BEGIN SUPPLIED RECORDS

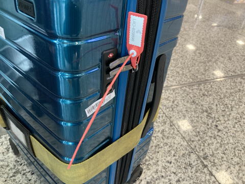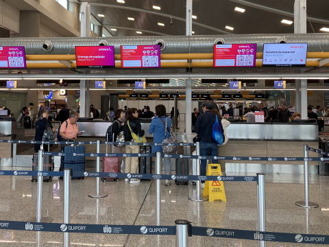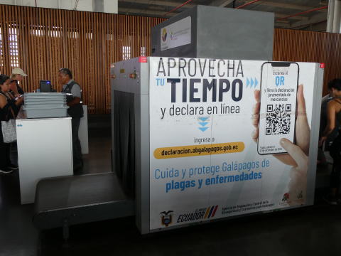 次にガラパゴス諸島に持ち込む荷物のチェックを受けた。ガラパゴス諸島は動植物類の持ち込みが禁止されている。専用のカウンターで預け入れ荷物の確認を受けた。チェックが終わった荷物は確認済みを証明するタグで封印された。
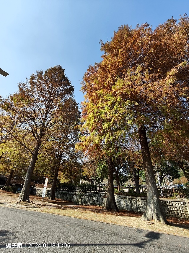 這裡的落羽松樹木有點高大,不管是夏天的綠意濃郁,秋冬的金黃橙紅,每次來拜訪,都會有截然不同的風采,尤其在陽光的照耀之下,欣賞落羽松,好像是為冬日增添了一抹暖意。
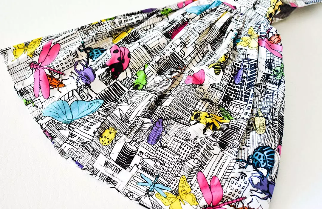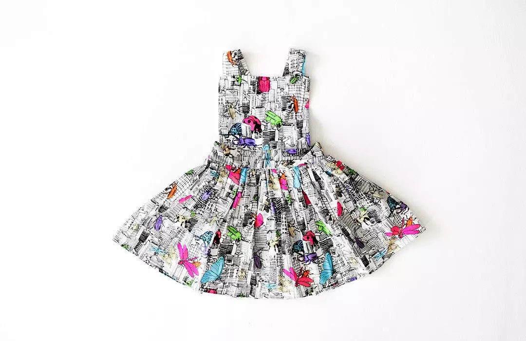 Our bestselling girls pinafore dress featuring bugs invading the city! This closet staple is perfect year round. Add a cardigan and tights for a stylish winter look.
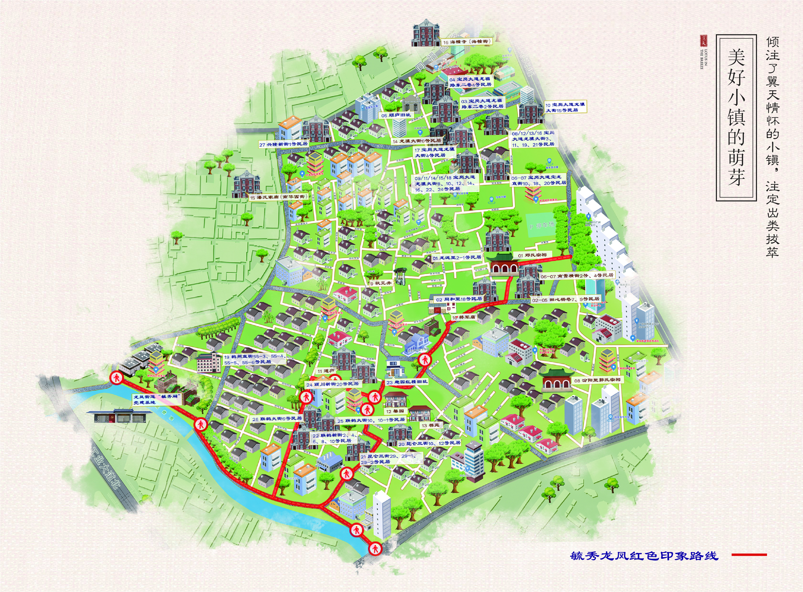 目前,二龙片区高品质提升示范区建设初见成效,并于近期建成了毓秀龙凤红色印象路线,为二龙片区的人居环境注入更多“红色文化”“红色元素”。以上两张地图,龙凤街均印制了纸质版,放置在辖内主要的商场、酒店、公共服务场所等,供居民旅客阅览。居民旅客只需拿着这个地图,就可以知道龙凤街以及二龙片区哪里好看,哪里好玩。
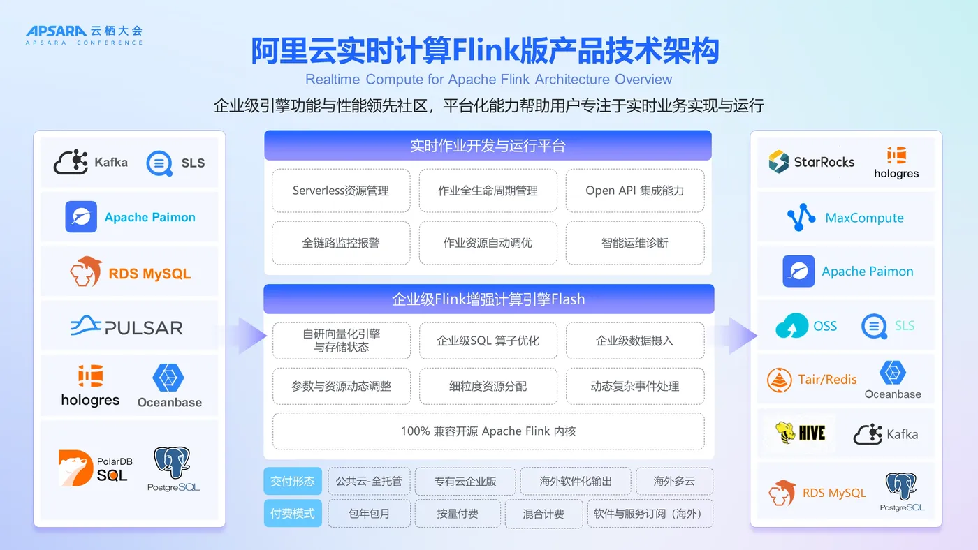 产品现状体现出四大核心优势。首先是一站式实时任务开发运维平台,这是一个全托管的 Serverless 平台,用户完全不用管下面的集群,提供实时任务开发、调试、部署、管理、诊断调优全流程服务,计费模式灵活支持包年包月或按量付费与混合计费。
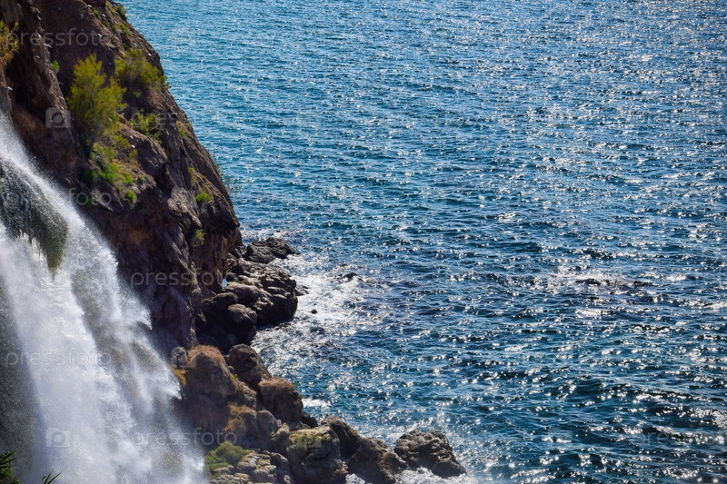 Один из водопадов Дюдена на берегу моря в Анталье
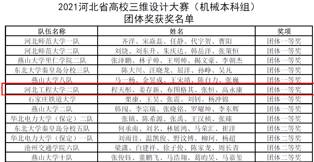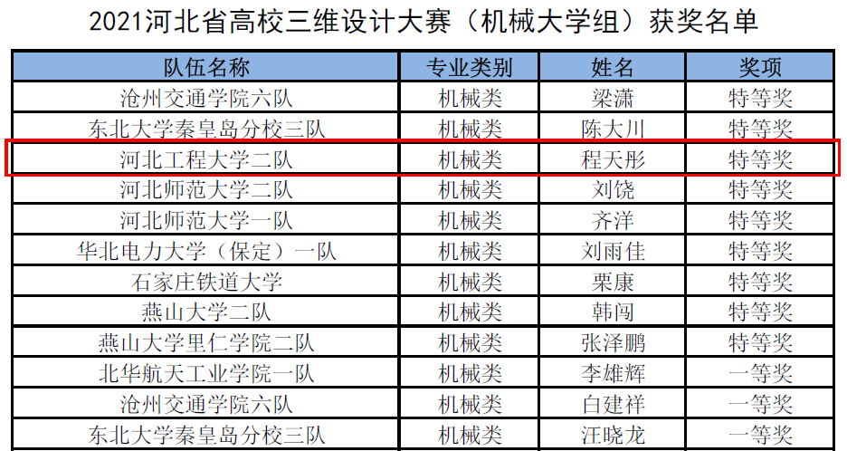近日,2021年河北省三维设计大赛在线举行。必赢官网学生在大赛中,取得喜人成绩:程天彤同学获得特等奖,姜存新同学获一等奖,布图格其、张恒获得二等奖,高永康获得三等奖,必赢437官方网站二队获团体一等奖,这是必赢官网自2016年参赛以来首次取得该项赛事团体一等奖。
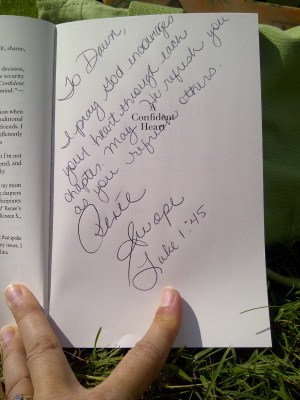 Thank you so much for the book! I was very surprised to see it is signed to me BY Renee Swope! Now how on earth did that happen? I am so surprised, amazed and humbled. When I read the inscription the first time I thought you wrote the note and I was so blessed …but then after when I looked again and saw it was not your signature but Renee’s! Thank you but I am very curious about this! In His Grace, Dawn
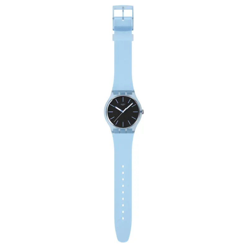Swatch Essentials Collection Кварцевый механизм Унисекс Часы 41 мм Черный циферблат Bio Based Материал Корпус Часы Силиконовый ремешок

END SUPPLIED RECORDS

--- EXERCISE DESCRIPTION ---
Reproduce only the lines from the beginning of the data through the line that contains "Thank you so", both included, and please drop the pictures.

--- EXERCISE SOLUTION ---
 次にガラパゴス諸島に持ち込む荷物のチェックを受けた。ガラパゴス諸島は動植物類の持ち込みが禁止されている。専用のカウンターで預け入れ荷物の確認を受けた。チェックが終わった荷物は確認済みを証明するタグで封印された。
 這裡的落羽松樹木有點高大,不管是夏天的綠意濃郁,秋冬的金黃橙紅,每次來拜訪,都會有截然不同的風采,尤其在陽光的照耀之下,欣賞落羽松,好像是為冬日增添了一抹暖意。
 Our bestselling girls pinafore dress featuring bugs invading the city! This closet staple is perfect year round. Add a cardigan and tights for a stylish winter look.
 目前,二龙片区高品质提升示范区建设初见成效,并于近期建成了毓秀龙凤红色印象路线,为二龙片区的人居环境注入更多“红色文化”“红色元素”。以上两张地图,龙凤街均印制了纸质版,放置在辖内主要的商场、酒店、公共服务场所等,供居民旅客阅览。居民旅客只需拿着这个地图,就可以知道龙凤街以及二龙片区哪里好看,哪里好玩。
 产品现状体现出四大核心优势。首先是一站式实时任务开发运维平台,这是一个全托管的 Serverless 平台,用户完全不用管下面的集群,提供实时任务开发、调试、部署、管理、诊断调优全流程服务,计费模式灵活支持包年包月或按量付费与混合计费。
 Один из водопадов Дюдена на берегу моря в Анталье
近日,2021年河北省三维设计大赛在线举行。必赢官网学生在大赛中,取得喜人成绩:程天彤同学获得特等奖,姜存新同学获一等奖,布图格其、张恒获得二等奖,高永康获得三等奖,必赢437官方网站二队获团体一等奖,这是必赢官网自2016年参赛以来首次取得该项赛事团体一等奖。
 Thank you so much for the book! I was very surprised to see it is signed to me BY Renee Swope! Now how on earth did that happen? I am so surprised, amazed and humbled. When I read the inscription the first time I thought you wrote the note and I was so blessed …but then after when I looked again and saw it was not your signature but Renee’s! Thank you but I am very curious about this! In His Grace, Dawn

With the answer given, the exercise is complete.